Cuban migrant landings continue in the Keys. This time, five people made it on a raft

Cuban migrants continue to reach the Keys by sea, despite the danger of using makeshift boats across the Florida Straits coupled with the strong likelihood that if they make it to land, they will be sent back.

Early Tuesday morning, five Cubans on a homemade raft landed in Key West, the U.S. Border Patrol said.

The group arrived by the Southernmost Point marker, the tourist landmark that resembles a giant buoy at Whitehead and South streets. They said they left Artemisa, Cuba, the day before, said Border Patrol spokesman Adam Hoffner.

“Members of the group were interviewed and processed for removal proceedings,” Hoffner said in an email.

So far in October, Border Patrol have reported five Cuban migrant landings in the Keys totaling 60 people. That number includes 20 people who landed near Grassy Key on Oct. 17.

On Oct.. 7, 2021, 13 Cuban migrants made landfall on this homemade wooden vessel on Big Pine Key, U.S. Border Patrol said.
On Oct.. 7, 2021, 13 Cuban migrants made landfall on this homemade wooden vessel on Big Pine Key, U.S. Border Patrol said.

On Oct. 10, 17 Cubans arrived in Key West near Smathers Beach.
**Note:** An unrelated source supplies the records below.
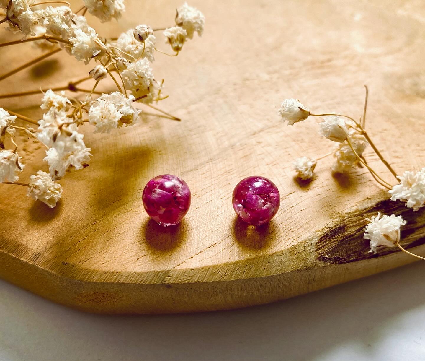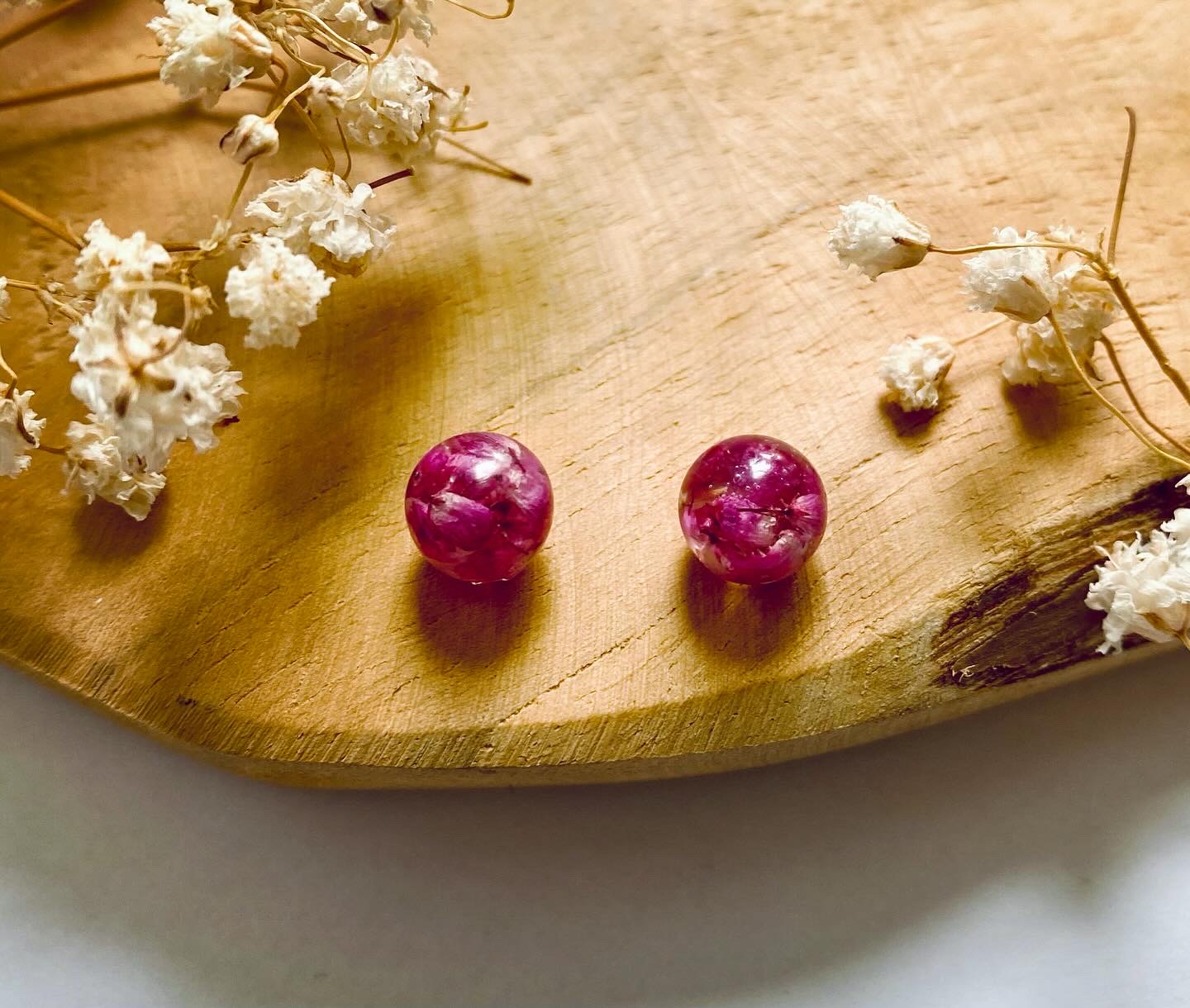 Náušnice koule s pravými sušenými květy Vřes Erica.
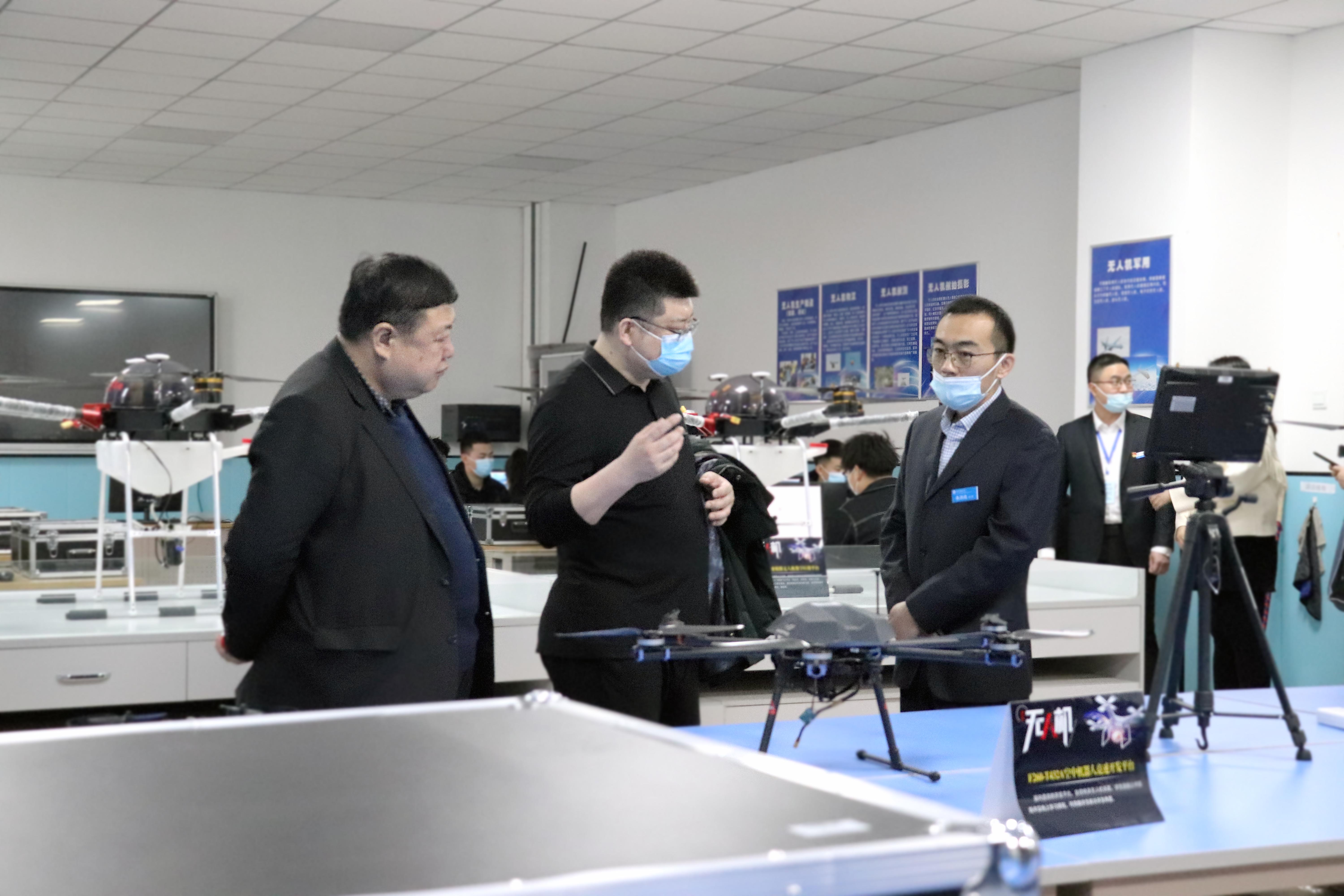 祁副局长一行首先参观了学院的焊接实训室、无人机实训室、工业机器人实训室等,专业负责人向领导汇报了实训室建设、实训室功能及学生实训课程授课情况。领导一行充分肯定了学院在实训基地建设上做出的成绩,同时也指出,实训基地的建成顺应了社会发展,希望学院充分利用好实训基地,为区域培养出更多复合型技术技能人才。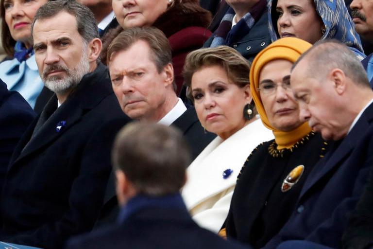 Μια από τις τελετές έγινε στην Αψίδα του Θριάμβου στην καρδιά του Παρισιού με τον Ταγίπ Ερντογάν να τον… κλέβει για λίγο και την σύζυγό του Εμινέ να είναι κι εκείνη λίγο γλαρωμένη στο πλευρό του. Ίσως λένε κάποιοι να προσπαθεί με τον δείκτη του δεξιού της χεριού να τον ξυπνήσει και να μην γίνουν εντελώς ρεζίλι. Ο Ερντογάν δεν είναι η πρώτη φορά που αποκοιμιέται σε δημόσιο χώρο. Το έχει κάνει και σε συνέντευξη Τύπου πέρυσι με τον Ουκρανό ομόλογό του Ποροσένκο και φέτος με τον Μολδαβό ομόλογό του, Ντοντον.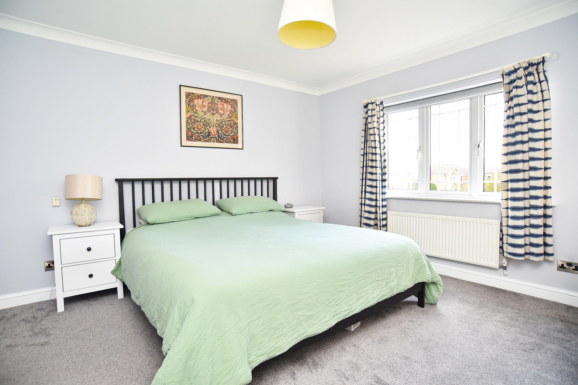 This impressive detached residence, originally built by David Wilson Homes, provides generous and versatile living space ideal for family life. The ground floor features four reception rooms including a spacious sitting room, separate dining room, home office, and family room. There is also a modern breakfast kitchen, utility and guest cloakroom. Upstairs, the principal bedroom includes an en-suite shower room and fitted wardrobes, with four further well-proportioned bedrooms served by a stylish family bathroom.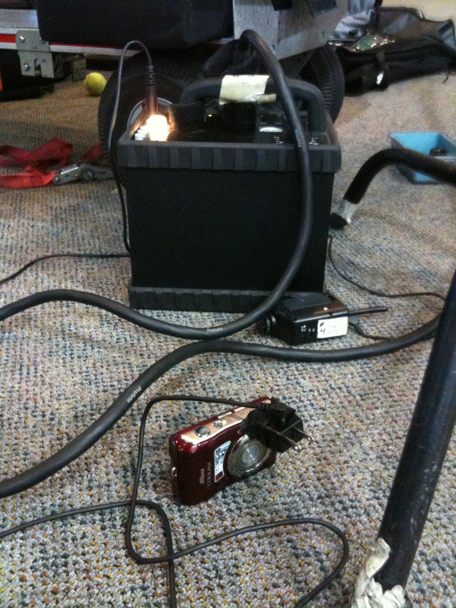 Light-slaved, hard-wired. Note tennis ball. Very important to have at least two on every job.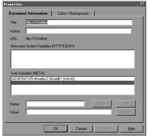 The document properties dialog box (in the Properties menu) enables you to set up several features of your HTML document, including header information, such as the title and the color and background information for the BODY tag.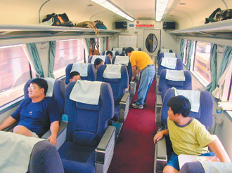 據(jù)了解,這趟行程源起于“監(jiān)委”慕南回郵輪列車之名,由“監(jiān)院”排定日期,但郵輪列車是不定期推出,加上臺(tái)鐵不敢怠慢,才派出最高級(jí)的商務(wù)彩繪列車。商務(wù)車基本配備為3節(jié)客車車廂,加上1節(jié)有卡拉OK設(shè)備及1節(jié)可提供餐飲服務(wù)的客廳車。客廂是三排椅、1節(jié)有33個(gè)座位,另兩節(jié)車廂可提供27個(gè)位置,全車共126個(gè)座位。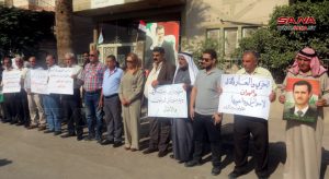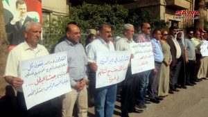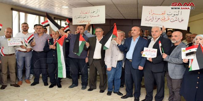 وفي درعا، ندد العاملون في فرع النقابة بالحصار الذي يتعرض له أهالي قطاع غزة فيما بين المشارك بالوقفة أيهم المستريحي أن ما تتعرض له غزة من عدوان هو حرب إبادة جماعية للفلسطينيين بمباركة أميركية وغربية، مطالباً بإدخال المساعدات الإنسانية للفلسطينيين المحاصرين.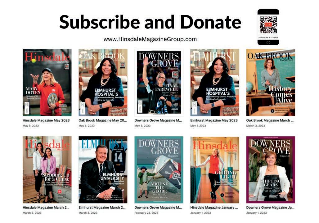 Hinsdale Magazine Group Elmhurst Magazine 107 W. First Street Elmhurst, IL 60126 ElmhurstMagazine.com Scan to Subscribe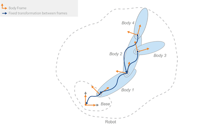 Если у вас есть конкретный концевой эффектор, который вам нужен для управления, определите его как жесткое тело с фиксированным соединением. Для этого робота добавьте конечный эффектор к body4 чтобы вы могли получить преобразования для него.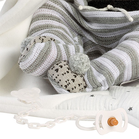Tino egy részletgazdag kidolgozottsággal rendelkező Llorens baba aki csak arra vár, hogy gyermeked szerető gondoskodással törődjön vele a mindennapok során. Tino egy díszdobozban érkezhet gyermeked játékgyűjteményébe amely akár ajándéknak is kiváló választás. A dobozban a játékbabán kívül egy pihe-puha takarót, prémium minőségű, kézzel készített babaruhát és egy cumit is megtalálhatsz. 43cm-es méretéből adódóan kényelmesen elférhet gyermeked akár már meglévő babakocsijában is.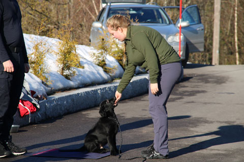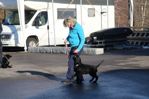 Valpene ble ganske så slitne etter nesten 1 1/2 times trening så da tok vi oss en lunsj med grill og kos. Trolla fikk kose seg sammen å leke å det var også populært.Vi hadde også fått låne med en del fra Musti som kunne handles til gode priser. så de som ønsket det gjordet det :-) Etter lunsj startet vi med litt håndterings trening og passivitets trening.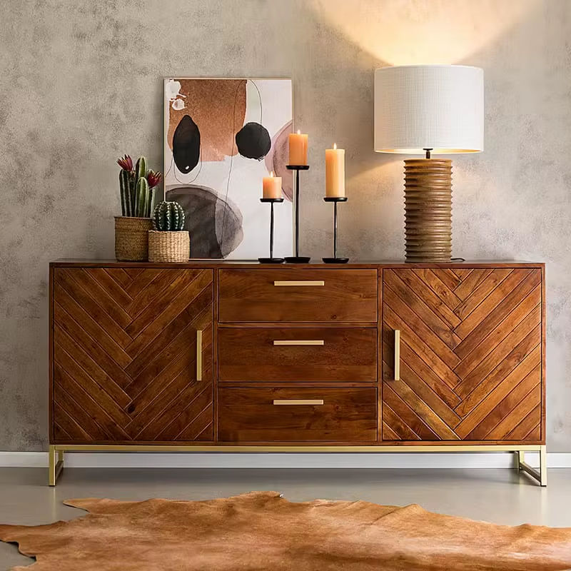 Buffet en bois de manguier massif de qualité supérieure avec 3 tiroirs et 2 portes - Design moderne européen modulaire et écologique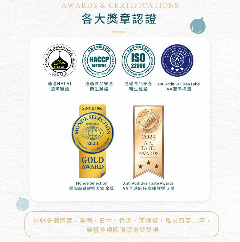 榮獲多項國際認證與大獎,包括 Monde Selection 國際品質評鑑金獎、ISO 認證、HACCP 食品安全管理 等肯定,品質經得起檢驗,也深受媒體與名人推薦。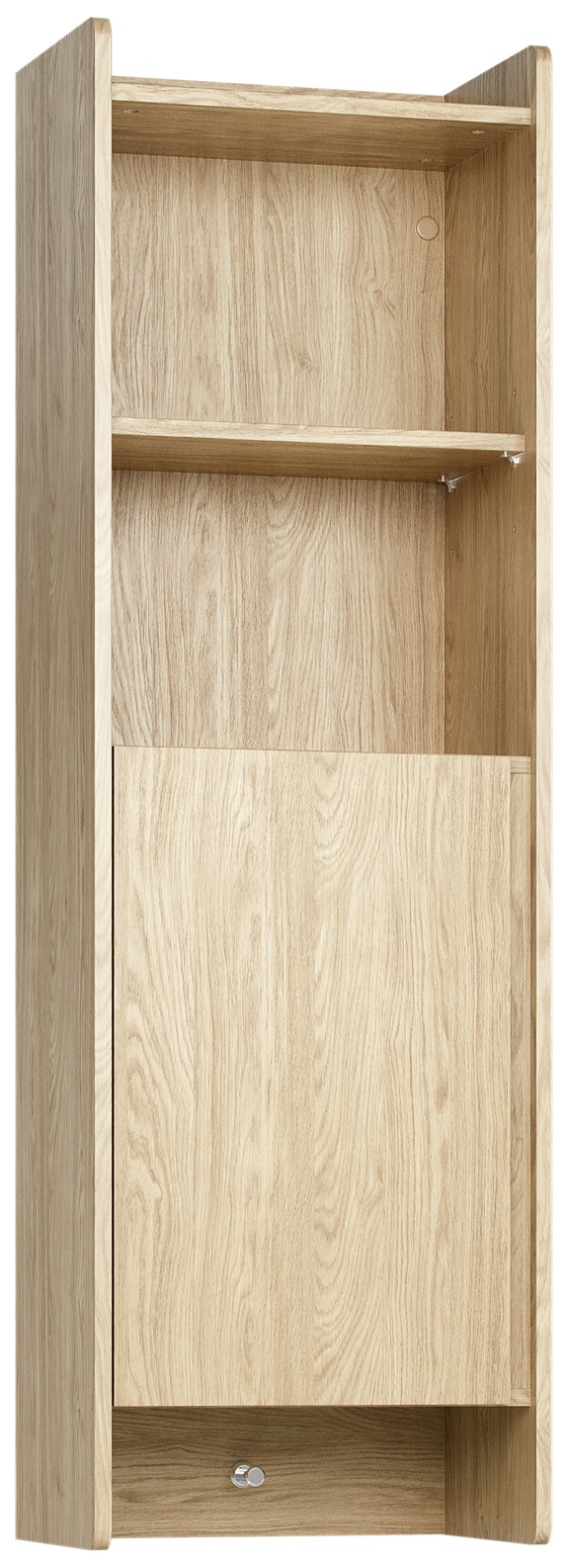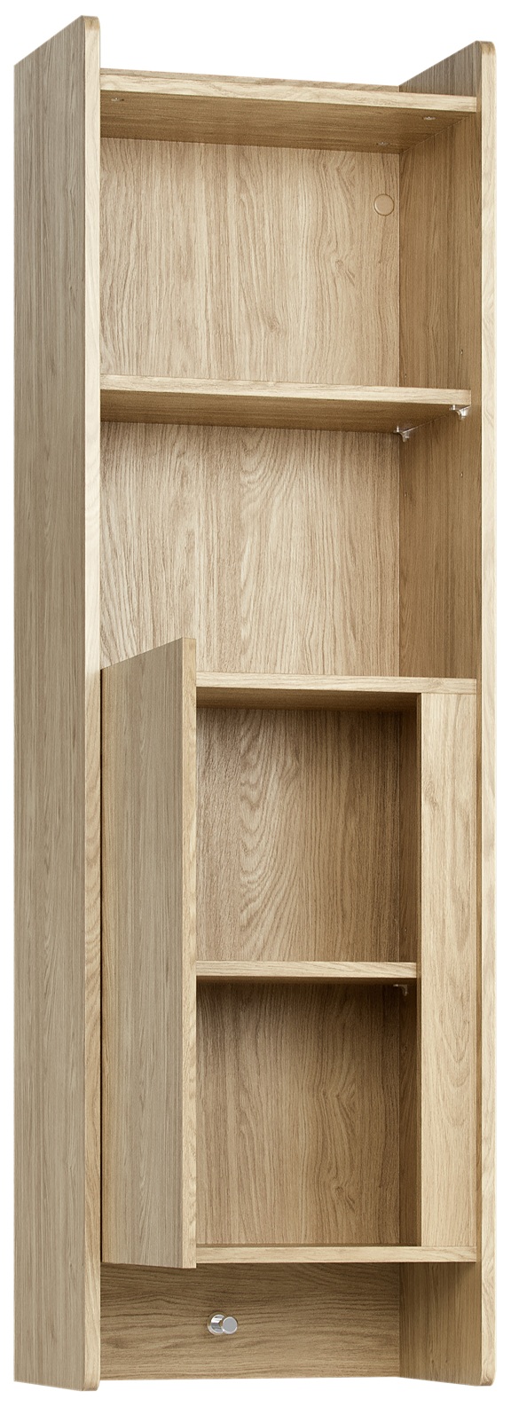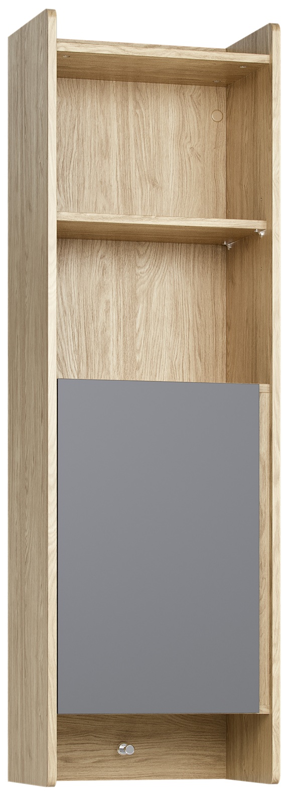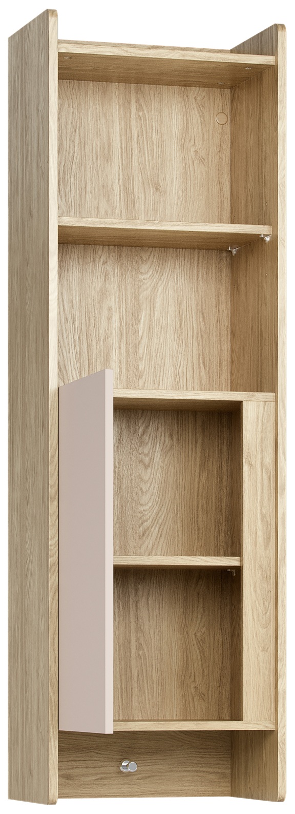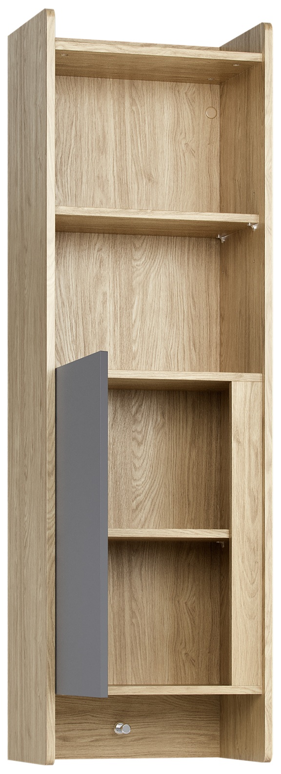 Der Hängeschrank Muve ist die ideale Lösung für kleine Kinder- und Jugendzimmer. Mit einer schmalen Breite von nur 44 cm und einer Höhe von 140 cm nutzt er den vertikalen Raum optimal aus – ohne wertvolle Bodenfläche zu beanspruchen. Zwei offene Fächer, ein höhenverstellbares Regal hinter der Tür und ein praktischer Haken für Rucksäcke machen ihn zum perfekten Aufbewahrungsprofi.

A local man videotaped them wading in the ocean toward the seawall, where police officers and others waited to pull each one up to safety.

These migration attempts spiked in 2021, with the Coast Guard reporting stopping 838 Cuban migrants. A year earlier, the number was only 49.

The federal government tracks migration by the fiscal year, which starts Oct. 1. Since the new fiscal year began this month, the Coast Guard has caught 210 people from Cuba trying to reach the U.S.

Experts have said the maritime migration attempts have risen due to the economic, political and healthcare crises in Cuba.

But there is no longer a political incentive to make the risky journeys.

The so-called “wet-foot, dry-foot” policy that allowed Cuban migrants who set foot on U.S. land above the high-water mark to stay in the country and apply for permanent residency ended in early 2017. Those caught at sea were taken back to Cuba.

President Barack Obama ended that policy in January 2017.

Now, all Cubans attempting to enter the U.S. without a visa are returned unless they can prove to U.S. immigration officials that they have a well-founded fear of political persecution.

The Coast Guard can determine a migrant has what is called a “valid manifestation of fear” of being forced to return home.

On Aug. 2 the Coast Guard stopped a vessel with 20 people aboard near Cuban waters.

The Coast Guard said it determined one person had a credible fear of returning to Cuba and, without providing additional details, transferred the person to the “proper authorities.”